On Nov 22, 8:45 pm, "William Bruce" wrote:
I've just bought a TomTom GPS for my car with preloaded road maps of the US
and Canada. My question: Will it work in my 172 at 3,000 to 5,000 feet,
showing the roads below, etc?


I have tried Tomtom (on Dell AXIM) on an airplane and it doesn't work.
It will get a fix of your position, and you can watch yourself fly
across roads, lakes and rivers. But you can't ask it to navigate
anywhere. In order to compute a route, you have to stand still for a
while (for long routes this could take a couple of minutes). In the
very least you should stay on one road while it is computing. Since
you are obviously not doing any of this while flying, the program will
never finish computing the route. My screen just said "computing
route" with a progress bar for a very long time. When it seemed like
it was getting close to the end, it would start all over again, and
the cycle never stopped. My guess is by the time it computed a route,
we were far from that position and an entirely new route had to be
computed.

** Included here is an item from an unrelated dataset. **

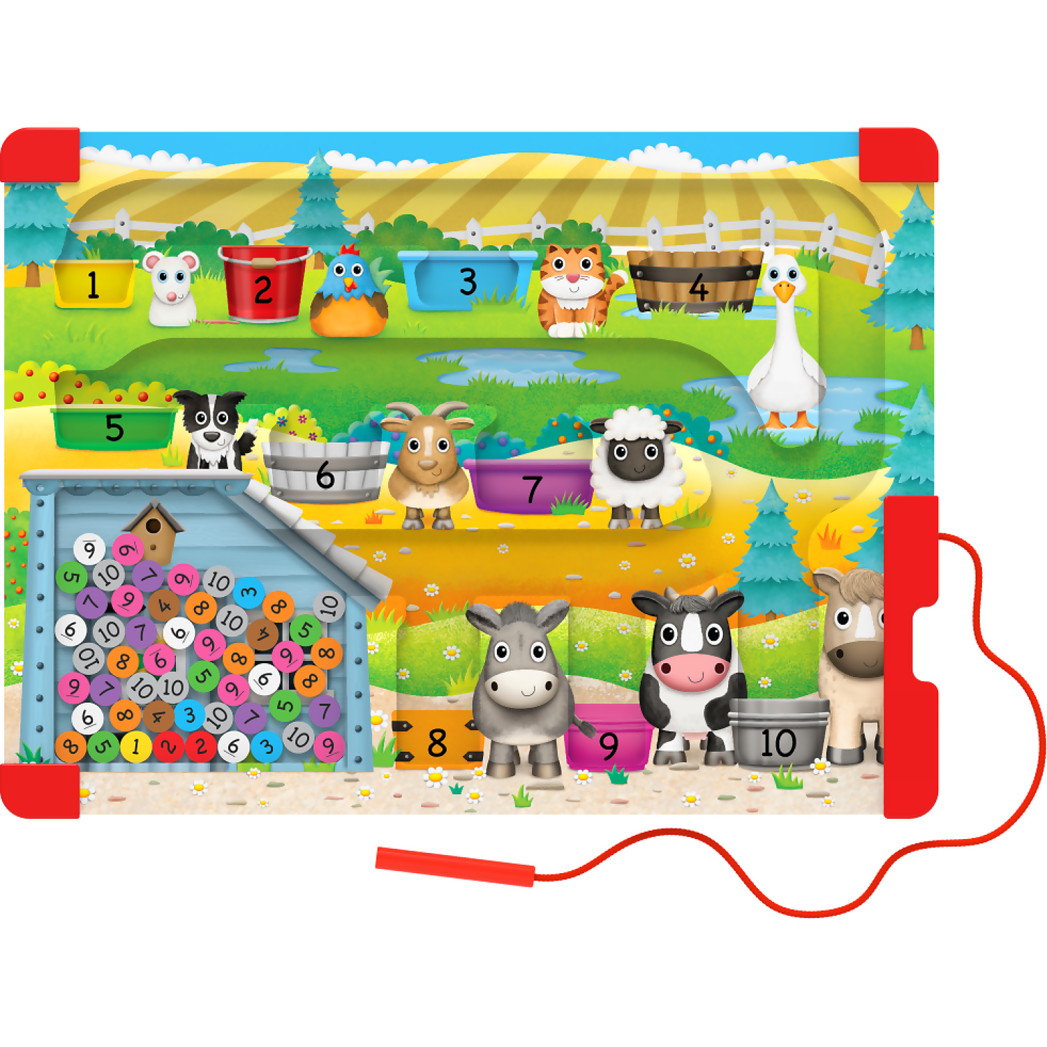 The Learning Journey – Sort & Learn Magnetic Puzzle Counting is a bright and engaging farm-themed tray puzzle designed to introduce children to early counting skills. Using the magnetic pen, children guide each numbered piece into its matching bin, reinforcing number recognition from 1 to 10. Once the puzzle is complete, a simple flip reveals a barn-themed collection area where the pieces tumble back, ready for another round of play.

This may also have something to do with the processing
speed of the Dell AXIM. However, even if you ran this on a faster
platform, it might still be constantly recomputing a new route because
you are obviously not following any of its suggested routes. One
possibility is to fly over a highway in a sparse area, and it may be
fooled into thinking that you are actually on that road. But that
might also be hard to do because it is quite sensitive to your
position. If it thinks you are off the road, it is going to start
recomputing again. It was fun trying it, but I can't see how this can
be made to work.

If you really need to find a street while flying, the best approach is
to insert the lat/lon co-ordinates into a regular GPS.